'''

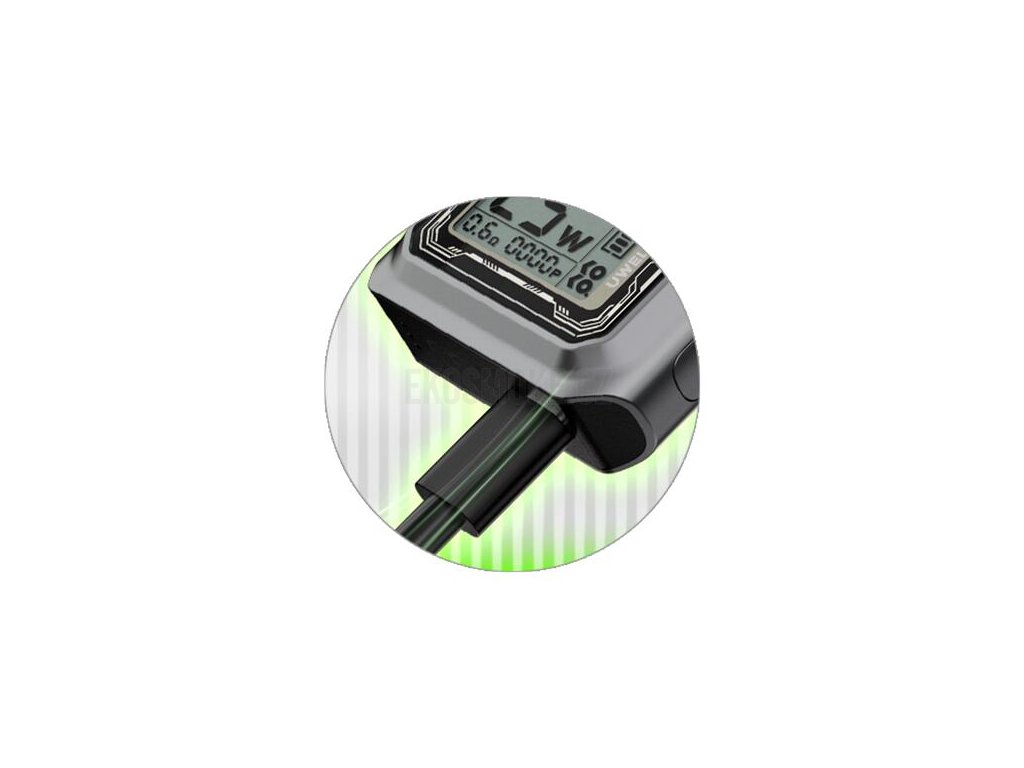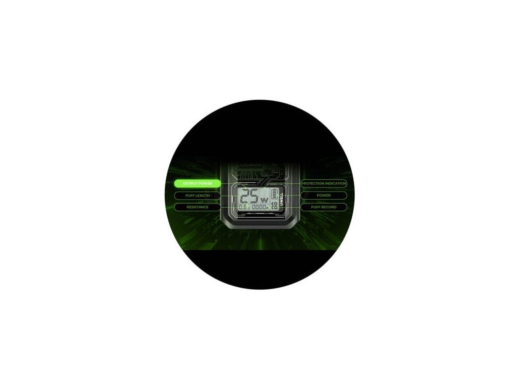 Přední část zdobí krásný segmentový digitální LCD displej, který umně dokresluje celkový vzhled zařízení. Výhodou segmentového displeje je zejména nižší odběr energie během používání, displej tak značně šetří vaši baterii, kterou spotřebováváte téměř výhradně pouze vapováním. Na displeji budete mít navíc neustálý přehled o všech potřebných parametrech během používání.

'''
'''

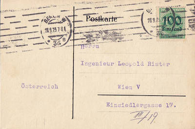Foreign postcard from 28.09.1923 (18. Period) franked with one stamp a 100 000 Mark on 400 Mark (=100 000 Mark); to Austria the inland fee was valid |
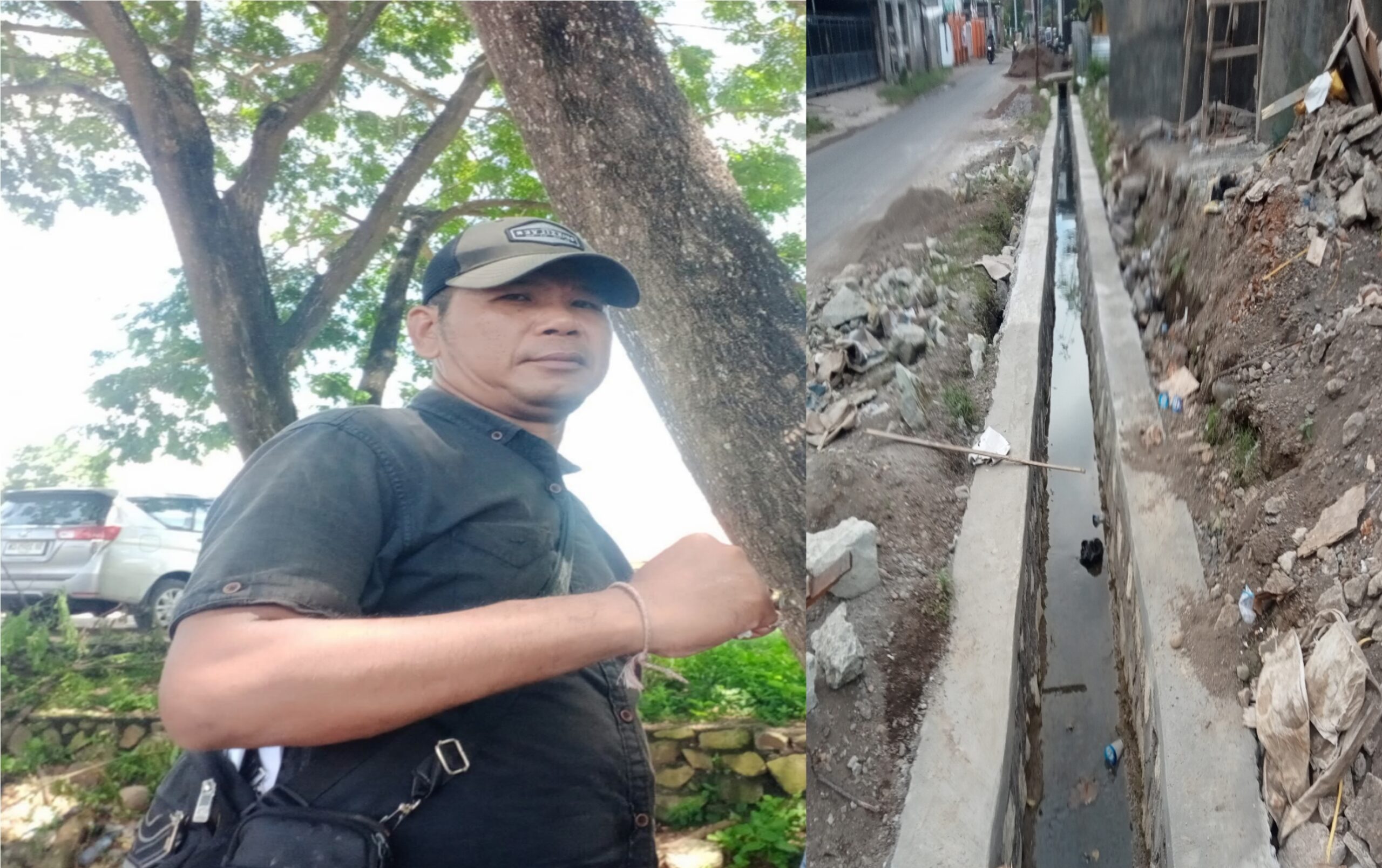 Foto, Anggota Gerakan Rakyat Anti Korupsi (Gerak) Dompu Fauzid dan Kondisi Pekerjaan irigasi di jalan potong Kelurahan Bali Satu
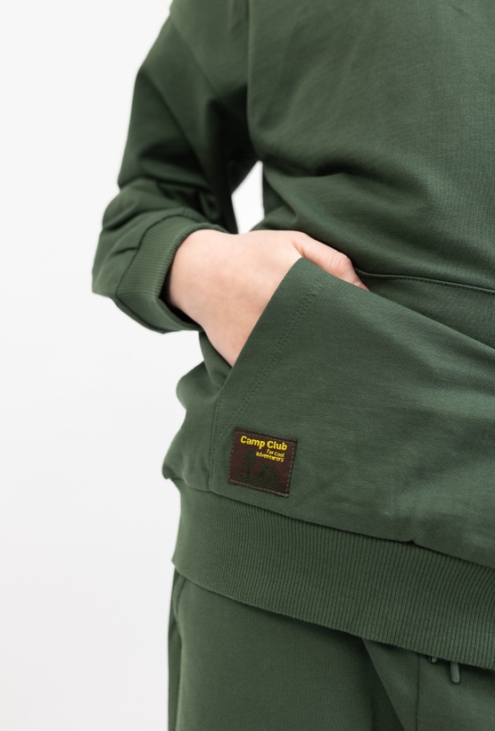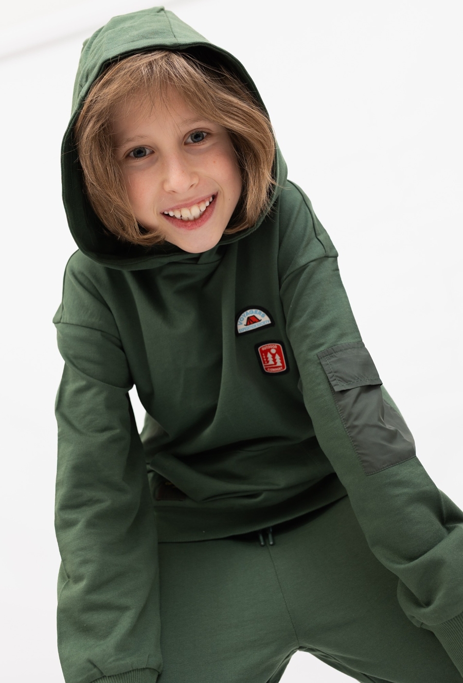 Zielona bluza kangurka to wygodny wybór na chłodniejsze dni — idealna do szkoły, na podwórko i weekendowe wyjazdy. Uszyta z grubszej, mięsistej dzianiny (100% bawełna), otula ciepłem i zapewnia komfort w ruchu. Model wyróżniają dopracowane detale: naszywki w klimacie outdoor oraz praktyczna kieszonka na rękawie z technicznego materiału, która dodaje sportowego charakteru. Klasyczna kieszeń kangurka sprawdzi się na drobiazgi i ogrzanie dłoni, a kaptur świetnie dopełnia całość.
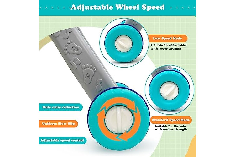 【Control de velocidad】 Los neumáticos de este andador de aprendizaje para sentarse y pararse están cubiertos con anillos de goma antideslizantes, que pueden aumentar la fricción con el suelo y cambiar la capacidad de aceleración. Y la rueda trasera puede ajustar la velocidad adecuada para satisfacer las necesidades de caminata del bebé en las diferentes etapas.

'''
'''

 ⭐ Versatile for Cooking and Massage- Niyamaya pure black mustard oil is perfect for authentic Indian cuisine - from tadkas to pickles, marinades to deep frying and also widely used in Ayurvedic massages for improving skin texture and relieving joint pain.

'''

**TRY IT**:
Give back exactly the lines above from the one with "Foreign postcard from" through the one with "Foto, Anggota Gerakan", both included. Pictures don't belong in the copy.

**TASK OUTPUT**:
Foreign postcard from 28.09.1923 (18. Period) franked with one stamp a 100 000 Mark on 400 Mark (=100 000 Mark); to Austria the inland fee was valid |
 Foto, Anggota Gerakan Rakyat Anti Korupsi (Gerak) Dompu Fauzid dan Kondisi Pekerjaan irigasi di jalan potong Kelurahan Bali Satu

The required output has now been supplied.